“More Europe” is always the solution when leaders like German Chancellor Angela Merkel talk about Europe’s slow-burning financial crisis. To qualify for emergency aid, they say, countries like Greece and Spain must surrender control of their banks and budgets to supra-national authorities. Another brick of the “more Europe” edifice was cemented into place on Dec. 13 when finance ministers of the 17-nation euro zone agreed to unified banking supervision under the European Central Bank. That’s a step toward a banking union, which is a step toward fiscal union, which is a step toward, someday, political union.
But it’s hard to see the way to a United States of Europe when every move in that direction has Europeans at each other’s throats. Thousands of protesters took to the streets in Madrid and Barcelona on Dec. 17 in the latest demonstrations against austerity. Germans, meanwhile, complain that they’re being played for suckers by Spain and Greece. In a November poll, 46 percent of Germans favored letting Greece go bankrupt.
If ordinary Europeans balk at forming one happy family, must Europe disintegrate? Or is there a middle ground that would retain many of the advantages of unity while dodging the parts that make everybody mad? The coming year may answer the question of whether Euro Lite is a way out for the union or another false hope.
Some analysts argue that stopping short of full financial integration could make Europe more stable, not less. Avinash Persaud, chairman of Intelligence Capital Limited, a London-based financial adviser, says the real problem regulators need to address is controlling the booms rather than cleaning up after the busts. National regulators, he argues, might do a better job than a single, Europe-wide regulator of stopping excessive lending in one part of Europe. They weren’t vigilant enough in the last bubble, but Persaud is concerned that the European Central Bank will do worse. Its job is to promote commonality, making it “inherently averse” to enforcing tougher lending criteria in boom countries, he says. “Banks would pounce on rules limiting their lending in booming countries, accusing the regulator of fragmenting the single market,” Persaud said in an e-mail message. “The reins holding back the booms, already too loose, have just been loosened further” by the creation of a single banking supervisor, Persaud writes in an as-yet-unpublished article. “The euro,” Persaud says, “needs to be saved from the Europhiles.”

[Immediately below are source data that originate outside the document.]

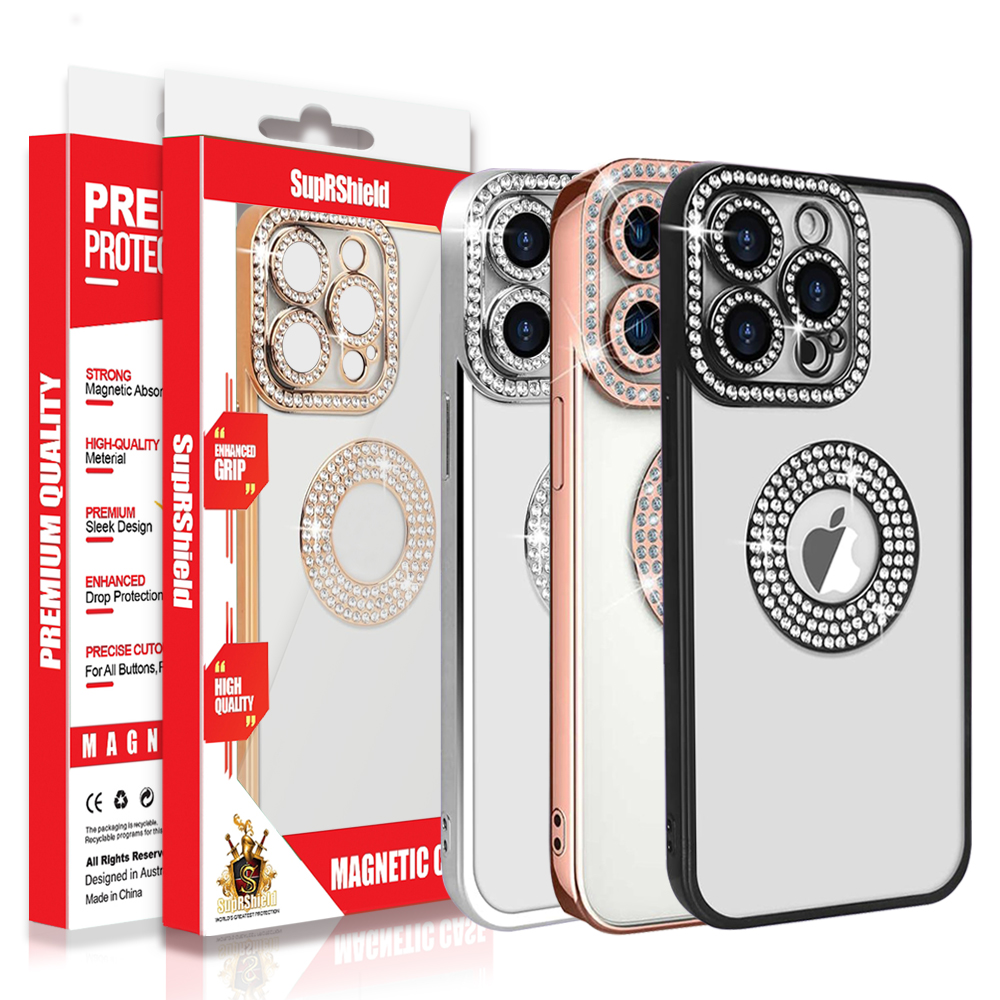 For Apple iPhone 15/15 Plus/15 Pro/15 Pro Max MagSafe Magnetic Diamond Rhinestone Glitter Crystal Bling Camera Lens Protector Cover
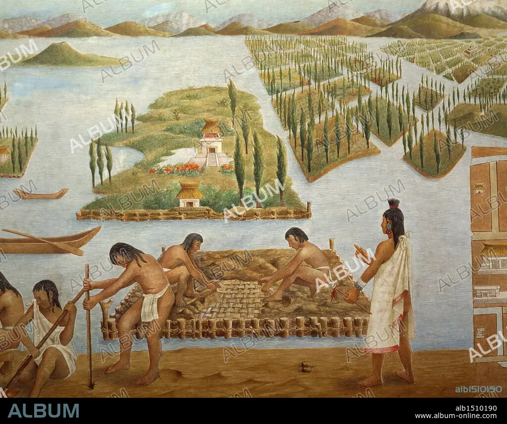 Traducción automática: Manuscrito, México, siglo XVI. Construcción de la ciudad de Tenochtitlan, Aztecas fortaleciendo el terreno con el método de las chinampas. Copia
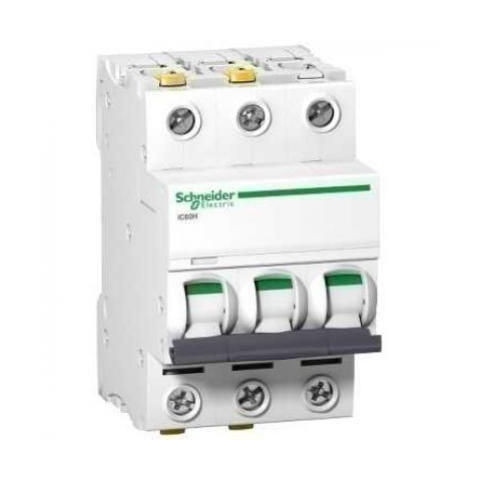 Kismegszakító 3D 6A 10kA iC60H ACTI9 A9F08306 Schneider \nACTI9 iC60H kismegszakító, 3p, D, 6A. készülékalkalmazás: elosztás - termékcsalád: Acti 9 - termék vagy komponens típusa: kismegszakító - készülék rövid megnevezése: iC60H - hálózat típusa: AC, D

Another “less Europe” proposal would introduce national currencies alongside the euro. Mazen Skaf, a partner and managing director in the consulting firm Strategic Decisions Group, argues in a new white paper that nations such as Greece and Spain should have the option to issue new currencies for domestic transactions, including payment of salaries and benefits. Through a controlled depreciation, the nation’s labor and pension costs would fall. External debts would still be in euros. The plan would give countries “maneuvering space to drive monetary and fiscal policy on a local basis,” Skaf argues.
None of this is easy. Barry Eichengreen, an economist at the University of California at Berkeley who studies financial crises, says investors would regard the partial reintroduction of national currencies as a prelude to leaving the euro entirely—and yank their money out. He’s also skeptical of Persaud’s national-level regulation. He says a single bank supervisor would do a better job of spotting cross-border problems, such as the inflating of Spain’s and Greece’s bubbles by loans from German banks.
Finding the right balance between national sovereignty and a tighter union for Europe is the trick. Take banking regulation. Once the euro was introduced, a banking union with a lender of last resort became the logical next step: National central banks can’t bail out their economies once they don’t have their own currencies to lend. But Merkel and the Germans won’t go along with a bank bailout mechanism financed by euro-zone governments unless there’s fiscal union—i.e., shared budgets. Right now Europe is very far from sharing a budget. Spending by the European Union accounts for only 1 percent of the EU’s gross domestic product, vs. 23 percent for federal spending in the U.S. Eichengreen suggests the EU’s budget might expand to perhaps 4 percent of GDP—enough to shore up national unemployment insurance funds in times of severe recession or to fix or close banks as needed. Spending on that scale probably wouldn’t require approval by “a European Parliament that acquires all the powers of a full parliament,” he says.
Jean Pisani-Ferry, director of Bruegel, a Brussels-based think tank, sees both sides. He says Europe’s monetary union is unstable without banking and fiscal union. He also says believers in more integration “shouldn’t use any opportunity to push for … building a federal Europe. You should look at what is necessary for the euro to work.” For Europe, that balancing act isn’t going away.
The bottom line: Economists on both sides of the Atlantic are searching for a middle ground that would save the euro without going all the way to full union.